In 2008, the campaign of President Barack Obama pioneered the use of social media to power his way to the White House. In 2010, the president unleashed the National Security Agency (NSA) to collect and analyze details — including geolocation derived from GPS and other positioning technologies — of billions of American citizens’ telephone calls, e-mails, and social media such as Facebook.


In 2008, the campaign of President Barack Obama pioneered the use of social media to power his way to the White House.
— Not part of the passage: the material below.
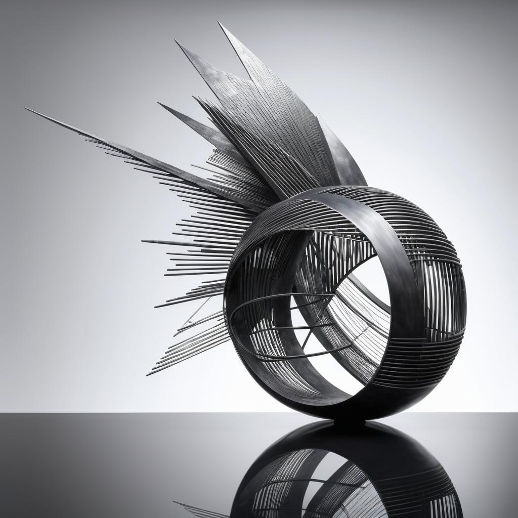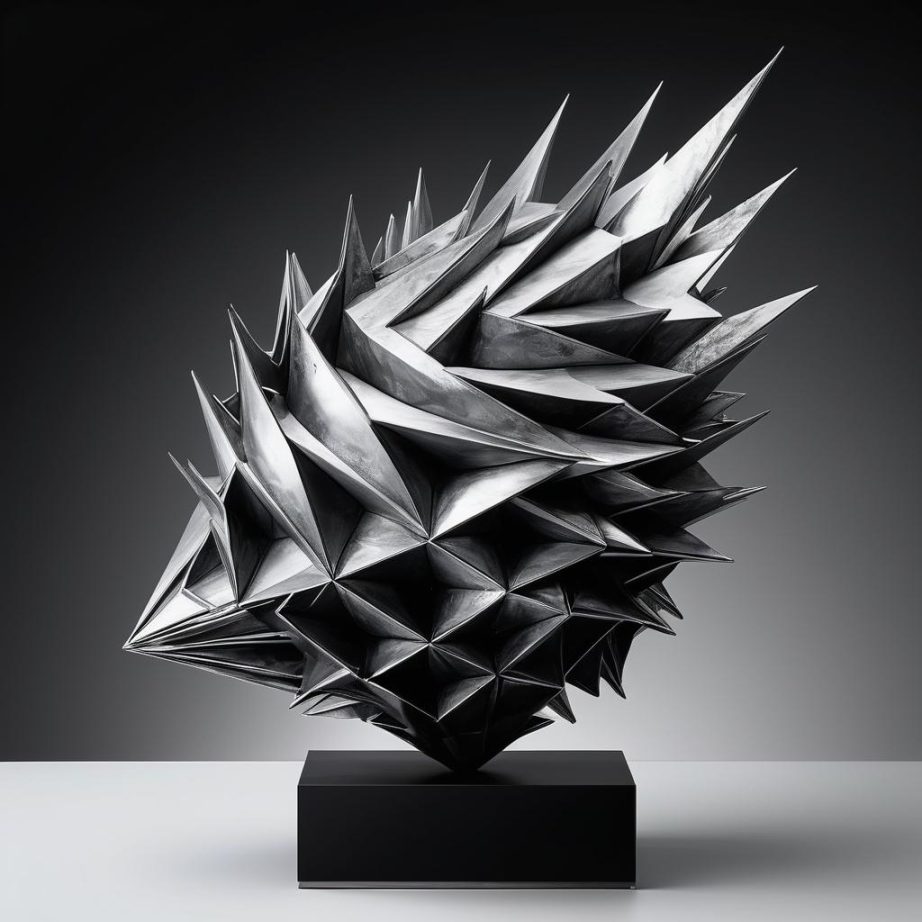 将这幅手稿转换为雕塑设计,可以通过使用金属材料来表现其尖刺的质感,突出形状的动态。雕塑的整体构型可以追求一种动态的平衡感,通过夸张的形态和表面纹理来增强其视觉冲击力。可以使用光滑与粗糙材质的对比来体现图像的情感对比,雕塑应展现出一种童趣,结合现代抽象艺术的表现手法,使其在空间中具有强烈的存在感。

In 2010, the president unleashed the National Security Agency (NSA) to collect and analyze details — including geolocation derived from GPS and other positioning technologies — of billions of American citizens’ telephone calls, e-mails, and social media such as Facebook.
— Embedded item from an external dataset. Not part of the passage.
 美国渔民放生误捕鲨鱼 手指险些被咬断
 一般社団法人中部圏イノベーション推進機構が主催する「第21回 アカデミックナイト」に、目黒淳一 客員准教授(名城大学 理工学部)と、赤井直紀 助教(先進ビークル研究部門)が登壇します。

Although the agency continues to deny that it reads e-mails or listens in or American’s phone calls without a warrant, the profiles created from the “metadata” associated with these activities enables NSA analysts to create profiles revealing such things as where people go, who they travel with, and who their friends are.

According to documents released by former NSA subcontractor Edward Snowden as reported in the Sunday (September 29, 2013) issue of the New York Times, the agency turned a Bush administration pilot project into an operational program of spying on U.S. as well as foreign citizens.
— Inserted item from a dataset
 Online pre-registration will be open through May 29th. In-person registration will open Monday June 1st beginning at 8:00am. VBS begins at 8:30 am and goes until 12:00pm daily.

“The agency can augment the communications data with material from public, commercial and other sources, including bank codes, insurance information, Facebook profiles, passenger manifests, voter registration rolls and GPS location information, as well as property records and unspecified tax data, according to the documents,” the Times article authored by James Risen and Laura Poitras said. “They do not indicate any restrictions on the use of such ‘enrichment’ data, and several former senior Obama administration officials said the agency drew on it for both Americans and foreigners.”

A January 2011 “for official use only” memo to NSA analysts and mission managers cited by the Times explained the management directive issued in November 2010.  According to the memo, the directive “changes procedures regarding metadata analysis. Specifically, these new procedures permit contact chaining, and other analysis, from and through any selector, irrespective of nationality or location, in order to follow or discover valid foreign intelligence targets. (Formerly analysts were required to determine whether or not selectors were associated with US communicants.)”

The NSA memo continued, “These new procedures allow NSA to fully exploit communications metadata . . . for foreign intelligence purposes, without the restrictions associated with selection of communications content. The impact of the new procedures is two-fold. In the first place it allows NSA to discover and track connections between foreign intelligence targets and possible 2nd Party or US communicants. In the second place it enables large-scale graph analysis on very large sets of communications metadata without having to check foreignness of every node or address in the graph.”